As committed pet owners, there is nothing more rewarding than interacting with, and enjoying our animals up-close. Reptile keepers are no different, with many people choosing to make a pet lizard, snake, turtle or even frog a part of the family. We go to great lengths to ensure our beloved pets every need is catered for and that they live an enriched, happy and healthy life. However, when you bring an animal such as a reptile into your home, it is also important to consider your own health and be aware of some simple measures that can be taken to ensure you and your family are never at risk.

What is Salmonella?

Salmonella refers to a group of bacteria that live in the intestinal tract of many different types of animals including reptiles, amphibians, fish, birds and even dogs and cats. Salmonella is believed to be a normal part of the gut flora in many species of reptile, both in the wild and in captivity. Reptiles that carry salmonella are in most cases asymptomatic and live a perfectly healthy life without showing any negative signs.

Salmonella is a zoonotic disease, meaning it can be contracted by multiple species, including humans. Salmonella is spread through faeces and can be transmitted to humans by either direct, or indirect contact with an infected animal. The bacteria can enter the body after handling a pet or contaminated object if proper hygiene practises are not followed. Whilst there are few reported cases of people contracting salmonella from a pet reptile in Australia, it is still important to be aware of the disease, its signs and symptoms and know how to prevent infection in humans. 

Symptoms of Salmonella Infection

Salmonella infection in reptiles is often a secondary issue as a result of some other health or husbandry problem. An animal may only show symptoms of salmonellosis if their immunity is compromised during times of stress or other illness. During this time, the pathogen may move from the gastrointestinal tract into other parts of the body. Symptoms in reptiles include weight loss, lethargy, diarrhoea and pneumonia. Signs that a human may have contracted salmonella often include severe diarrhoea, chills and fever.

Whilst many native reptiles commonly carry salmonella in their gut, snakes and lizards are the most likely to be natural hosts for the bacteria. Turtles and frogs may also carry salmonella and species that are primarily carnivorous are also more likely to carry salmonella than herbivores. In humans, most cases of salmonella infection occur in children under the age of 10, in the elderly, or those with weakened immune systems.

Treatment

In a healthy pet reptile there is no need to preventatively treat against salmonella. Reptiles that become ill must be seen by a specialist veterinarian immediately for diagnosis and treatment may include administration of fluids and antibiotics in advanced cases. In humans, the illness usually goes away on its own after a period of time, however, in severe cases seek prompt medical assistance. If a member of the family develops diarrhoea, fever or stomach cramps, it is important to notify your doctor that you have a pet reptile in the home.
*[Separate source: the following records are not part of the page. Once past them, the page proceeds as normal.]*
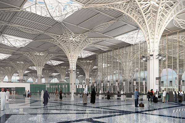 The new terminal is designed to integrate its architecture with the existing structures in the airport. The design was inspired by the Hejazi architecture, and palm tree was the main source of inspiration for the architectural form. Focus was more on elegant, modular and spacious interiors.
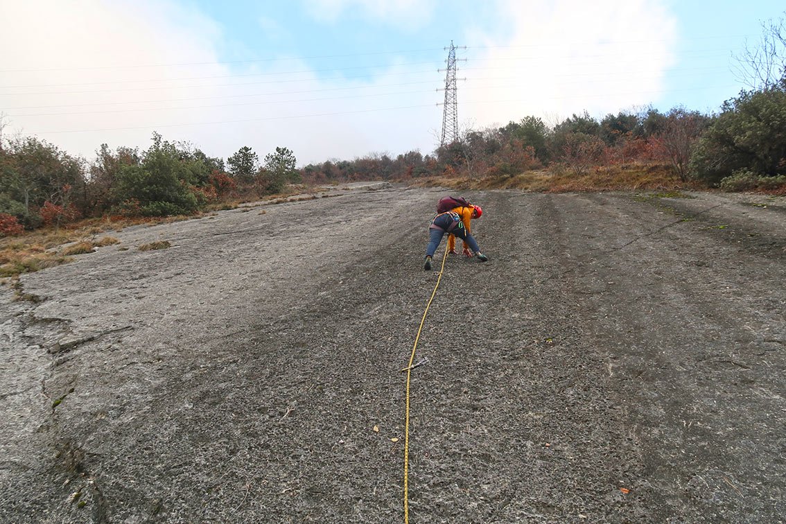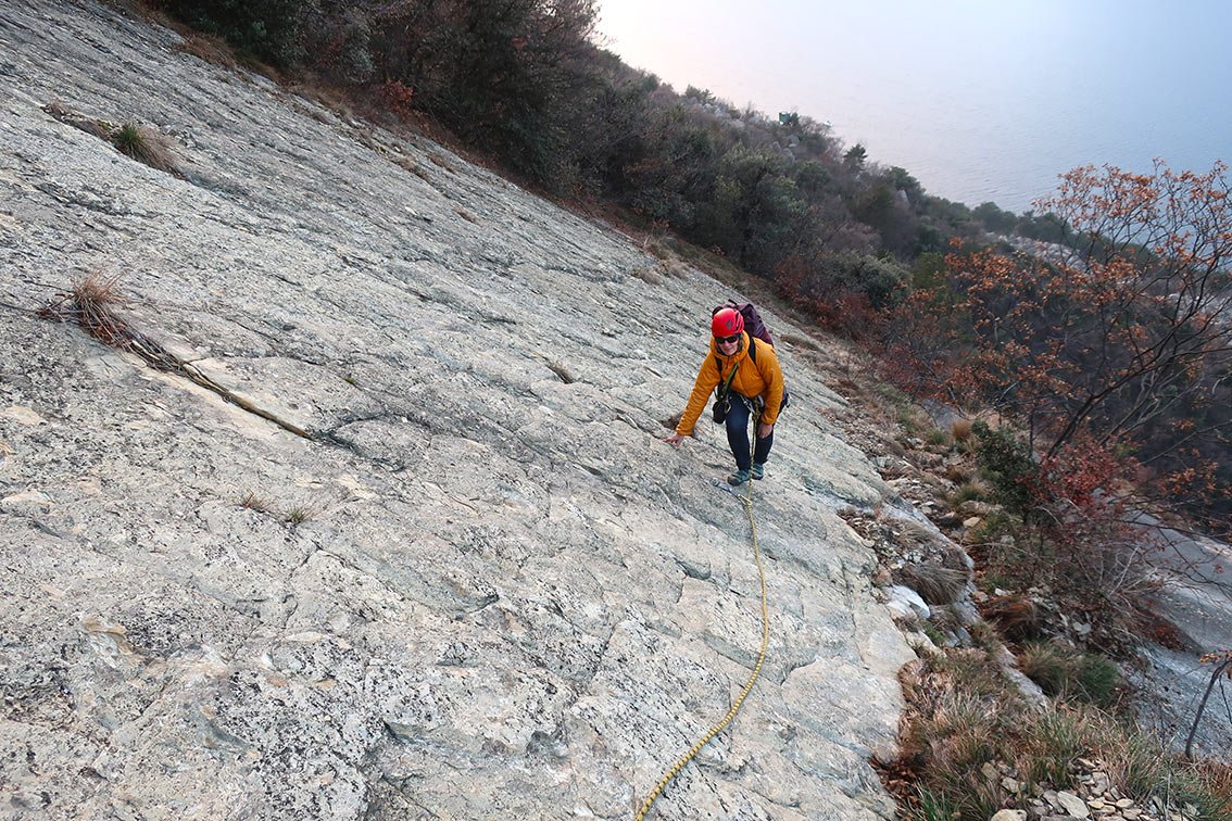 Der Vorsteiger sollten den Schwierigkeitsgrad beherrschen - ein Sturz auf den rauen, flachen Platten ist nicht zu empfehlen.
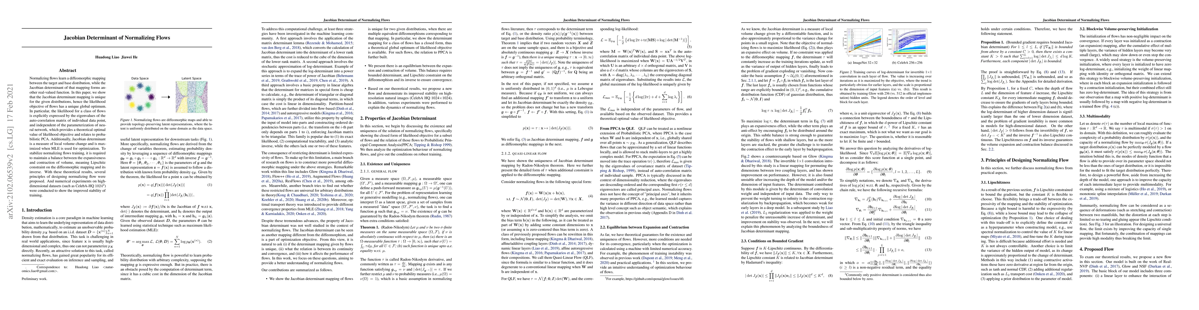 Normalizing flows learn a diffeomorphic mapping between the target and base distribution, while the Jacobian determinant of that mapping forms another real-valued function. In this paper, we show that the Jacobian determinant mapping is unique for the given distributions, hence the likelihood objective of flows has a unique global optimum. In particular, the likelihood for a class of flows is explicitly expressed by the eigenvalues of the auto-correlation matrix of individual data point, and independent of the parameterization of neural network, which provides a theoretical optimal value of likelihood objective and relates to probabilistic PCA. Additionally, Jacobian determinant is a measure of local volume change and is maximized when MLE is used for optimization. To stabilize normalizing flows training, it is required to maintain a balance between the expansiveness and contraction of volume, meaning Lipschitz constraint on the diffeomorphic mapping and its inverse. With these theoretical results, several principles of designing normalizing flow were proposed. And numerical experiments on highdimensional datasets (such as CelebA-HQ 1024x1024) were conducted to show the improved stability of training.
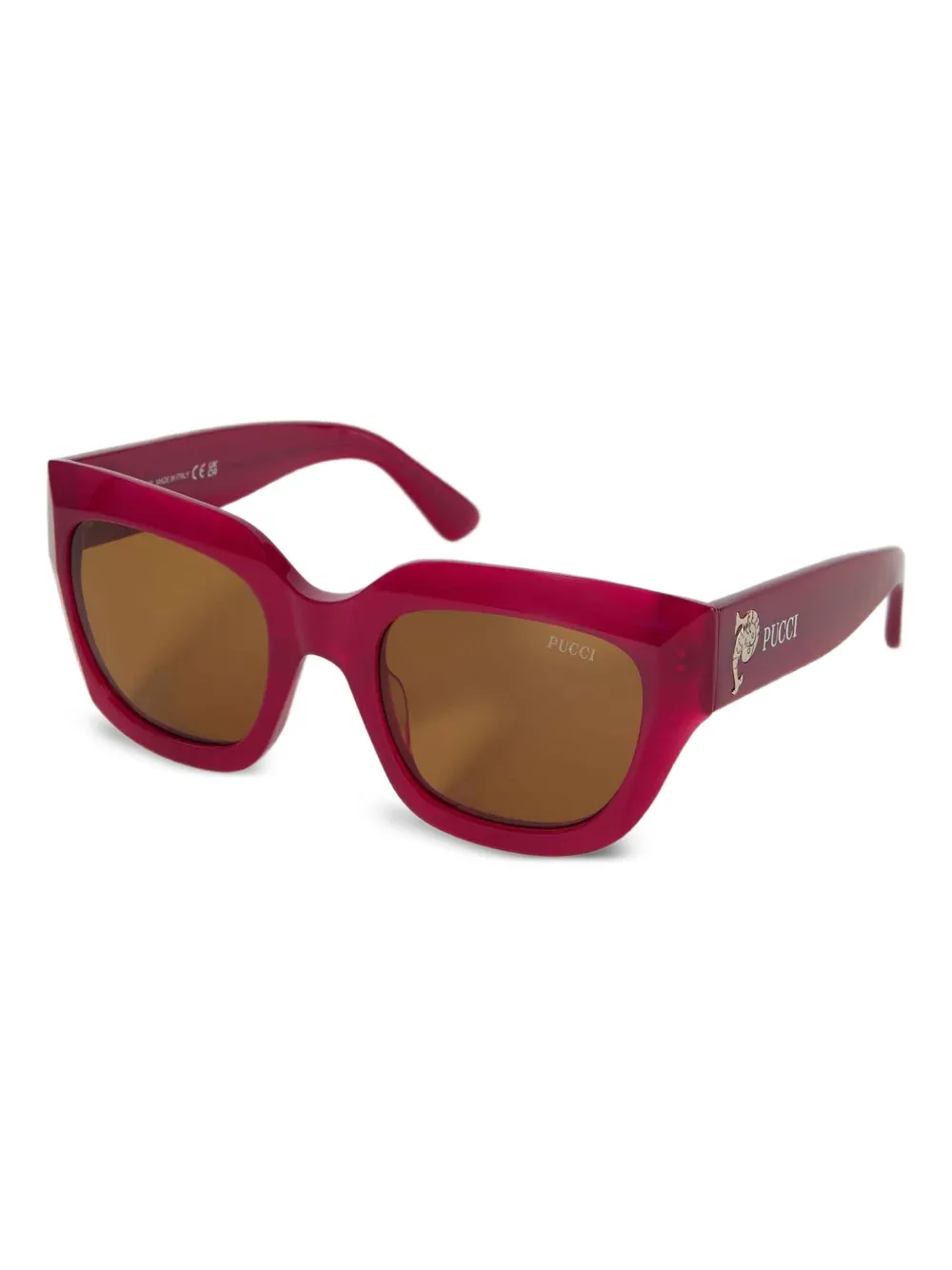karmijnrood vierkant montuur bruine glazen logodetail Deze bril wordt verkocht met een beschermhoes.

Prevention is the Best Cure!

Whilst it is unlikely that you, or anyone in your family will contract salmonella from a pet reptile, there are a number of preventative measures that should be taken.
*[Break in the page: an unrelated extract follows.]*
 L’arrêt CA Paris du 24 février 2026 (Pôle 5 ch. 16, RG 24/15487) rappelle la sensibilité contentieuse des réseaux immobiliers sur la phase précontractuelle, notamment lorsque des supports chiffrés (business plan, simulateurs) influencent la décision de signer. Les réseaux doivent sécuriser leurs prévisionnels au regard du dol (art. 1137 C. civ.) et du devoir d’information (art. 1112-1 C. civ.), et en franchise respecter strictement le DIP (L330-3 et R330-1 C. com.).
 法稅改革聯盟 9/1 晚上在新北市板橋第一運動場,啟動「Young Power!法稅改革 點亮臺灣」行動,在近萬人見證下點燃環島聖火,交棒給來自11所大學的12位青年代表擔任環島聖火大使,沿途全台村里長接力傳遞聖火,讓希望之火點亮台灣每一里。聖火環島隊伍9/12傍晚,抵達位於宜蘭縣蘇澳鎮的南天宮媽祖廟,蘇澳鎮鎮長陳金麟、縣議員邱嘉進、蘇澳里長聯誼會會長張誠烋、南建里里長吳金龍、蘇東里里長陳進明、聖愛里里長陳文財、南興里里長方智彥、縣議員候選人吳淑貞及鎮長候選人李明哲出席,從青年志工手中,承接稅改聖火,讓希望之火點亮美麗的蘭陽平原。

  • Always thoroughly wash hands before and after handling a pet reptile, or anything that has come into contact with the reptile or its faeces including enclosure furnishings, food and water bowls etc.
  • Young children should always be supervised by an adult when handling a reptile and assistance must be given to ensure their hands are washed thoroughly afterwards.
  • Never kiss a pet reptile, or place it close to your face or mouth.
  • Pet reptiles should not be allowed to roam freely through the house.
  • Do not bathe your reptile in a kitchen sink, or on a bench where human food is prepared. It is best to wash enclosure furnishings as well as food and water bowls in a separate area away from food preparation areas.
  • Use gloves when cleaning your reptile’s enclosure and always sterilise and disinfect the enclosure and any furnishings using a reptile-safe disinfectant such as Vetafarm’s Herpa Care, which is available as both a concentrate or ready to use spray bottle.
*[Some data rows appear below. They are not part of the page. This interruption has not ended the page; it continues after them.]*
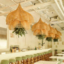 This handmade Emilia Pendant Light brings a natural touch to your home decor. The elegant umbrella design and neutral beige or black color complement a variety of spaces, from dining rooms to bedrooms and teahouses. Its unique handcrafted details enhance the aesthetic of any room while providing warm, inviting lighting. The light source is compatible with LED bulbs, offering efficient illumination for areas up to 30 square meters. This rattan pendant light is perfect for anyone seeking a stylish, eco-friendly lighting solution.
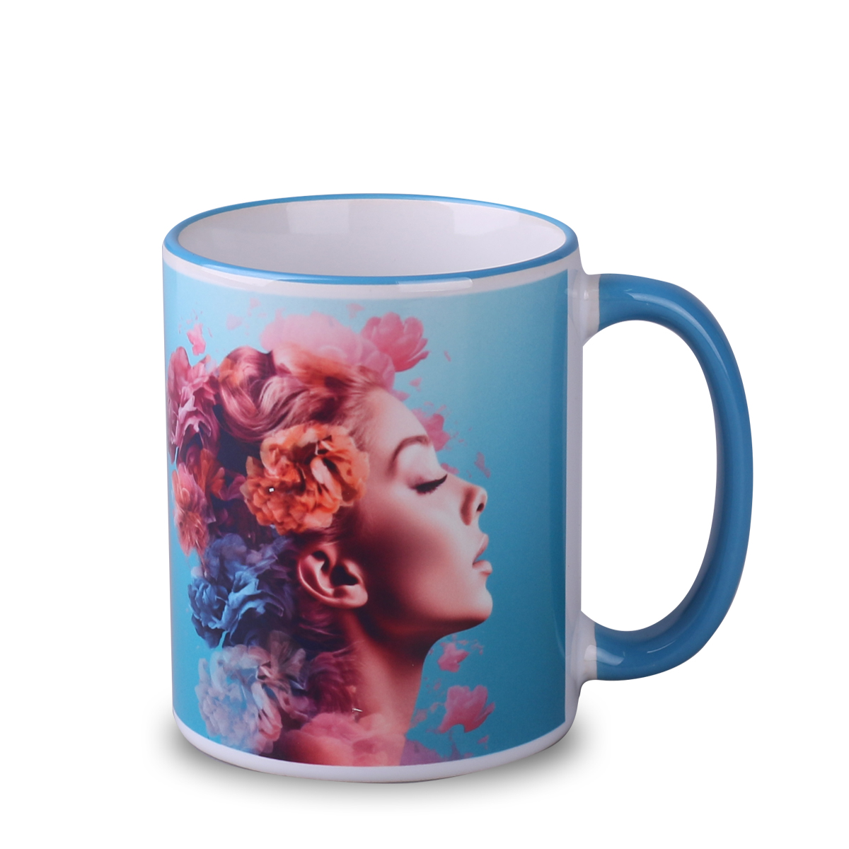 An exceptionally colorful sublimation mug with a simple shape. Perfect for applying photo-quality prints. What makes it stand out are the edges and handles colored in many colors.
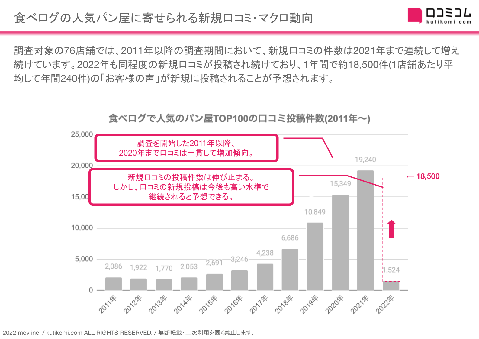 2022年は、1年間で約18,500件、1店舗当たり平均年間240件の口コミが寄せられると予想されます。
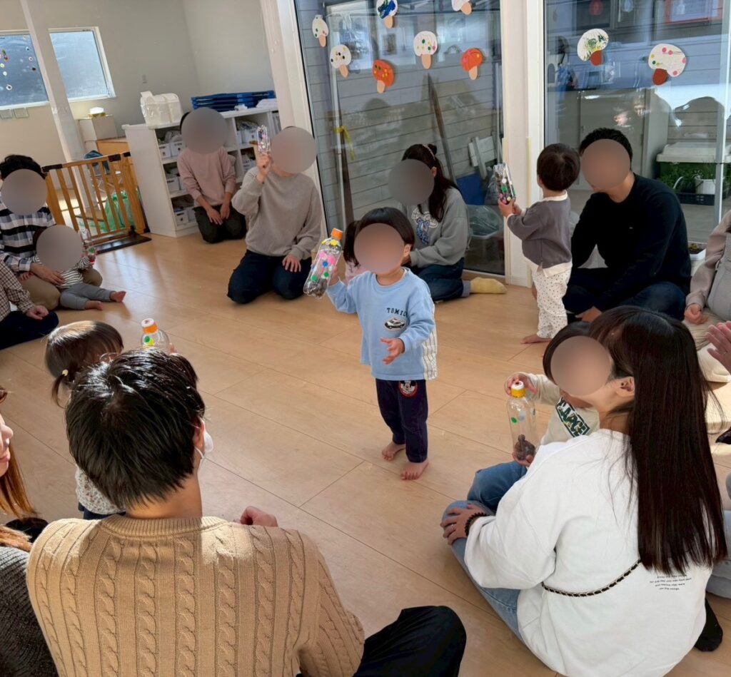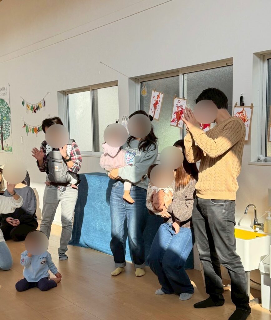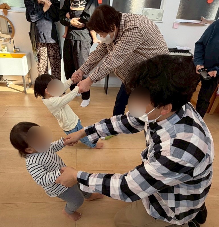 「こうやるんだよ」と嬉しそうに踊ったり、お家の人手を繋いだりして楽しんでいてこどもたちも嬉しそうでしたよ。
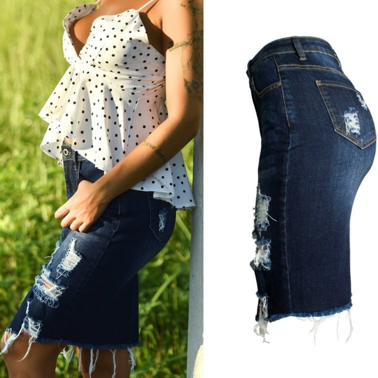 Women's Distressed Denim Skirt

Reptiles make fascinating pets and their popularity has increased significantly over recent years. They make the perfect pet for children and adults alike and not only teach kids about the responsibility of owning a pet but also give them an appreciation for these amazing native creatures. Salmonella should never be a reason not to own a reptile, just an important lesson for children regarding proper hygiene requirements when handling or caring for their pet.